Image of protests in Lhasa from NYT I stopped subscribing to
The Hindu long ago, mainly because of its dull headlines and prose that put you back to bed. I had another reason to do so given the paper's unabashedly biased coverage of China and CPI (M) (notably, the party's role in Nandigram). So every now and then I revisit the paper to reinforce my decision. Today was no different. I picked up a copy to see how the paper had reported the protests in Tibet. (In fact, it's a delight to pick up papers when they report with their gloves off. Editions of
The Pioneer during the Ram Setu controversy and The Hindu during Nandigram should be essential reading for journalism school students on how to introduce bias into reports or, hopefully, avoid them.)
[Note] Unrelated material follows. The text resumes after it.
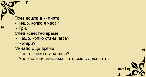 - Пешо, колко е часа?
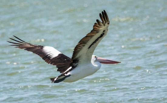 Wallpaper Big bird pelican flies over the water

Anyway, back to The Hindu and Tibet. The Delhi edition today had a brief pointer on page one (by PTI) that led the reader to page 14 for more details. Interestingly, the paper had used PTI's report that was more or less impartial, even though incomplete, as a veil for the Chinese government's version in the inside page. The
report here was filed by
Xinhua (who else?). Xinhua, in case you don't know, is the Chinese government's mouthpiece. (To give you an idea of the extent of censorship in China: CCTV, another government blabber horn, is a media outlet where computer screens have pop-ups telling their employees
what not to report! Just like a morning dose of chai, the Chinese journalists get their morning's share of censorship.)
And I cannot think of any other paper in India that uses releases from Xinhua so liberally, more so on events concerning Tibet. Xinhua's despatch was headlined "Shops torched in Lhasa" (probably, The Hindu wants us to believe it was a case of electrical malfunction that resulted in the fire?). Nowhere does the report mention that these protests are the most serious the Chinese government has faced in the last 20 years, something that
The New York Times,
The Guardian and the
BBC highlight in their opening paragraphs. Instead we are fed innocuous details of arson in Lhasa. Not a mention of why the protests have erupted. Neither a word about
the march by Tibetan refugees in India or their protests here, as reported by all other Indian papers. Nor a quote from the protesters in India or those opposed to China's rule in Tibet. Too bad Tianamen hasn' t reenacted itself in Lhasa yet!
The Xinhua report goes on to quote the Chinese foreign ministry spokesperson, who terms the protests by "some monks" as a plot to "wreck the harmonious life of the Tibetan people". "We are resolutely opposed to any plot attempting to separate Tibet from China," Qin Gang regurgitates. And so does The Hindu. But it is the last line of the report that beats all. It should also be seen as the last nail in The Hindu's coffin of its editorial intergrity. It reads: "Relevant Chinese departments will handle the issue"! Point made: that it's an internal Chinese affair and the Chinese are capable of suppressing this revolt. Which newspaper, but for a deferential rag like The Hindu, would print something like that?
As a dirge for the paper, I reproduce
a link to a brilliant letter that Tenzing Sonam, a Tibetan filmmaker, wrote to N. Ram, the paper's editor, after his series (
an article here) glorifying China's role in Tibet.
Ladies and gentlemen, presenting to you The Hindu with a new punchline: China's national newspaper since 2008!